[Start of section]

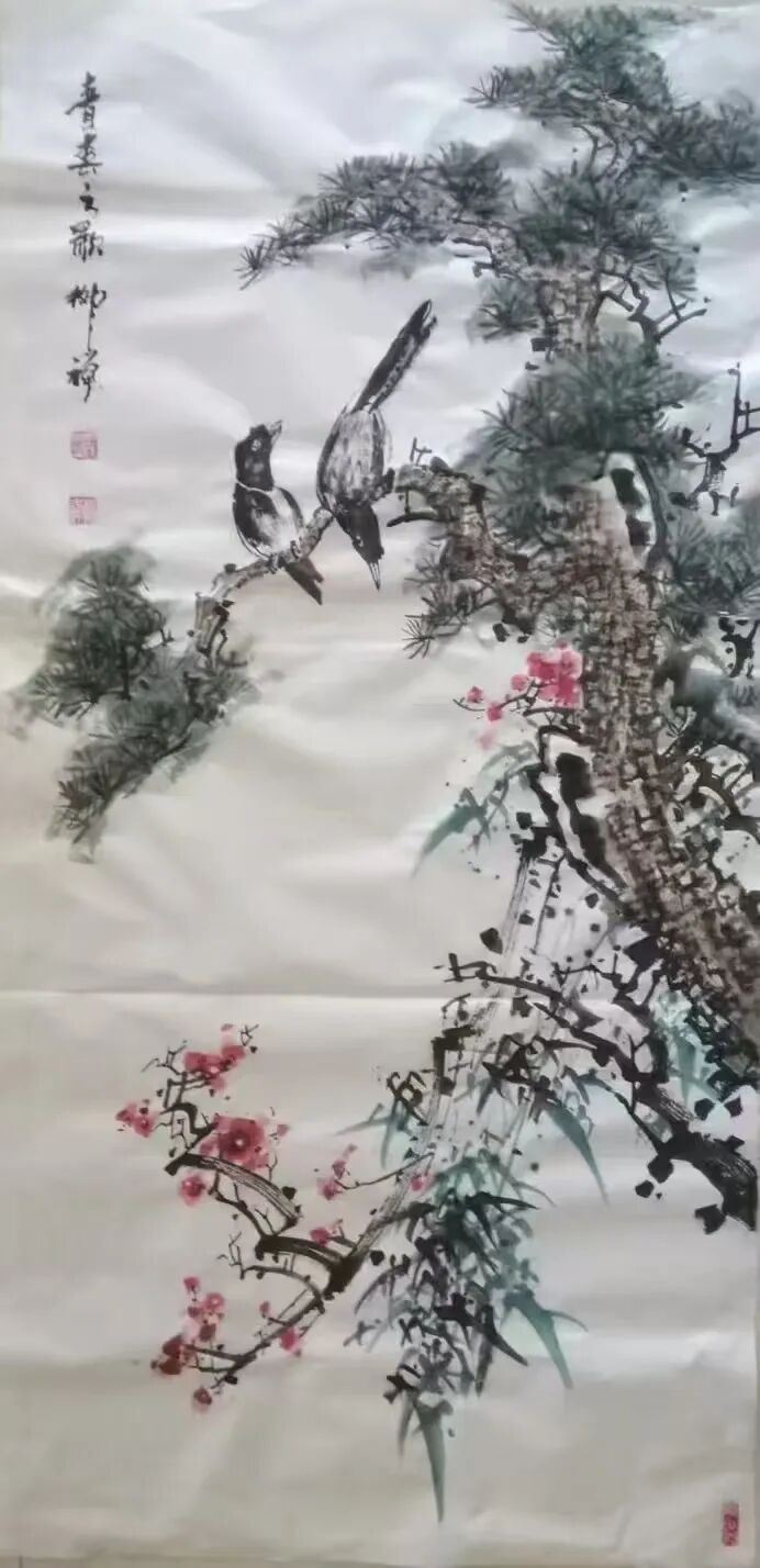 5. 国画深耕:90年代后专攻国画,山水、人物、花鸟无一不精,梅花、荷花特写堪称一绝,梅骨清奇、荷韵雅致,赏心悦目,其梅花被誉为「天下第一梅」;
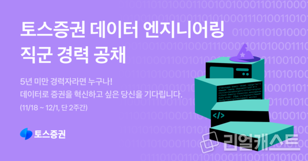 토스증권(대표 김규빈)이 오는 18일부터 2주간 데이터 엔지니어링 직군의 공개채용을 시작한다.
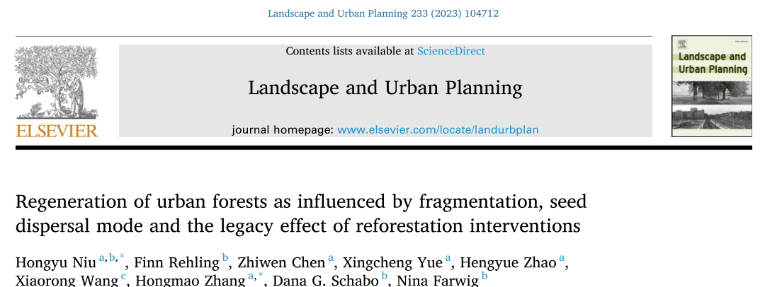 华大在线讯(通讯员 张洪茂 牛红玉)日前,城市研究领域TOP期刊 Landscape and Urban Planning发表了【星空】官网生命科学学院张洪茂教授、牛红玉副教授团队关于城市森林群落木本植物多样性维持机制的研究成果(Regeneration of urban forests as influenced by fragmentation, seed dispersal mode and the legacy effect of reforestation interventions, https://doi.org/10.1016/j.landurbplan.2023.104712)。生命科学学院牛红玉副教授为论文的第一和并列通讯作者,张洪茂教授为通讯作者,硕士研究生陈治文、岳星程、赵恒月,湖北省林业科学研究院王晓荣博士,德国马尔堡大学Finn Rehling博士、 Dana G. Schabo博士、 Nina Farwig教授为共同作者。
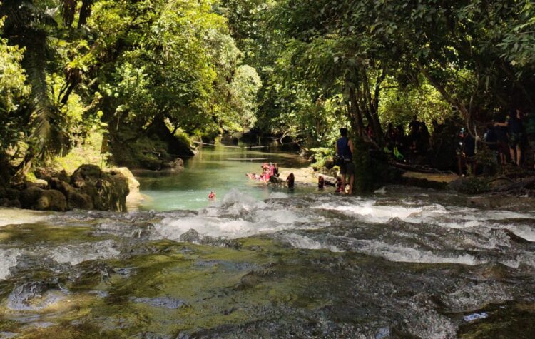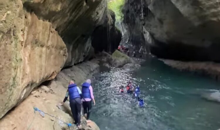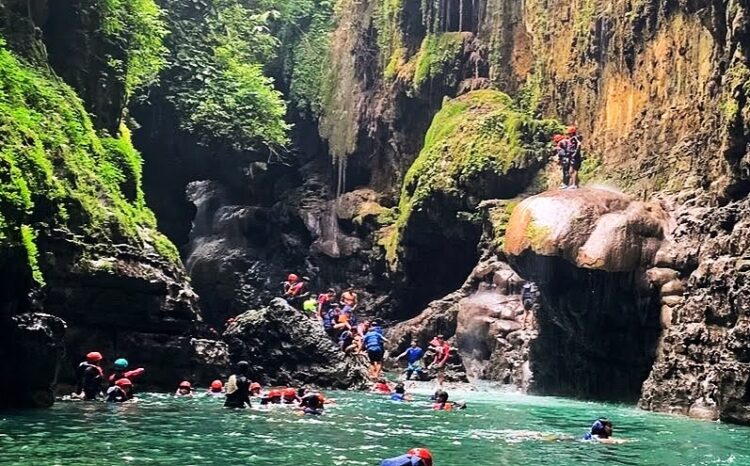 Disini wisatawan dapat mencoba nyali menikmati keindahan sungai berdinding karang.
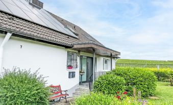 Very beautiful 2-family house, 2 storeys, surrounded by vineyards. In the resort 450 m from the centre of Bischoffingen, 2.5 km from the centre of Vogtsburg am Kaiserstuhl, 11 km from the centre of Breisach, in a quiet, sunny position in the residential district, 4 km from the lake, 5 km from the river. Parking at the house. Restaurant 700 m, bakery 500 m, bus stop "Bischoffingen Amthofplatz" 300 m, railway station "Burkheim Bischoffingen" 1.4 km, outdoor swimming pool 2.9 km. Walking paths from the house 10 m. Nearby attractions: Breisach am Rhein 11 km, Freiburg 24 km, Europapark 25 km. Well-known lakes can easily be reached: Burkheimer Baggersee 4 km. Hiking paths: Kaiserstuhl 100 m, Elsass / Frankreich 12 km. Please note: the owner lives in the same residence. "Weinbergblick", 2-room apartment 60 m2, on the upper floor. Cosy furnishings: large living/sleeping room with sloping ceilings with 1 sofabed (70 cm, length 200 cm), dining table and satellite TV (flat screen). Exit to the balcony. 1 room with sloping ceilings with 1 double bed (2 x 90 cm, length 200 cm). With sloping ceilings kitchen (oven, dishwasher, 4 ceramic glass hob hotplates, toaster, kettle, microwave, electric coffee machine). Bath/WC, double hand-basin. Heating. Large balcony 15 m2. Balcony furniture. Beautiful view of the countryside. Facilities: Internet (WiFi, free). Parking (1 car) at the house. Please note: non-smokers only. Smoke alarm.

[End of section]

Exactly reproduce the run of lines from the start of the listing through the line with "Disini wisatawan dapat", inclusive; pictures are not copied.

 5. 国画深耕:90年代后专攻国画,山水、人物、花鸟无一不精,梅花、荷花特写堪称一绝,梅骨清奇、荷韵雅致,赏心悦目,其梅花被誉为「天下第一梅」;
 토스증권(대표 김규빈)이 오는 18일부터 2주간 데이터 엔지니어링 직군의 공개채용을 시작한다.
 华大在线讯(通讯员 张洪茂 牛红玉)日前,城市研究领域TOP期刊 Landscape and Urban Planning发表了【星空】官网生命科学学院张洪茂教授、牛红玉副教授团队关于城市森林群落木本植物多样性维持机制的研究成果(Regeneration of urban forests as influenced by fragmentation, seed dispersal mode and the legacy effect of reforestation interventions, https://doi.org/10.1016/j.landurbplan.2023.104712)。生命科学学院牛红玉副教授为论文的第一和并列通讯作者,张洪茂教授为通讯作者,硕士研究生陈治文、岳星程、赵恒月,湖北省林业科学研究院王晓荣博士,德国马尔堡大学Finn Rehling博士、 Dana G. Schabo博士、 Nina Farwig教授为共同作者。
 Disini wisatawan dapat mencoba nyali menikmati keindahan sungai berdinding karang.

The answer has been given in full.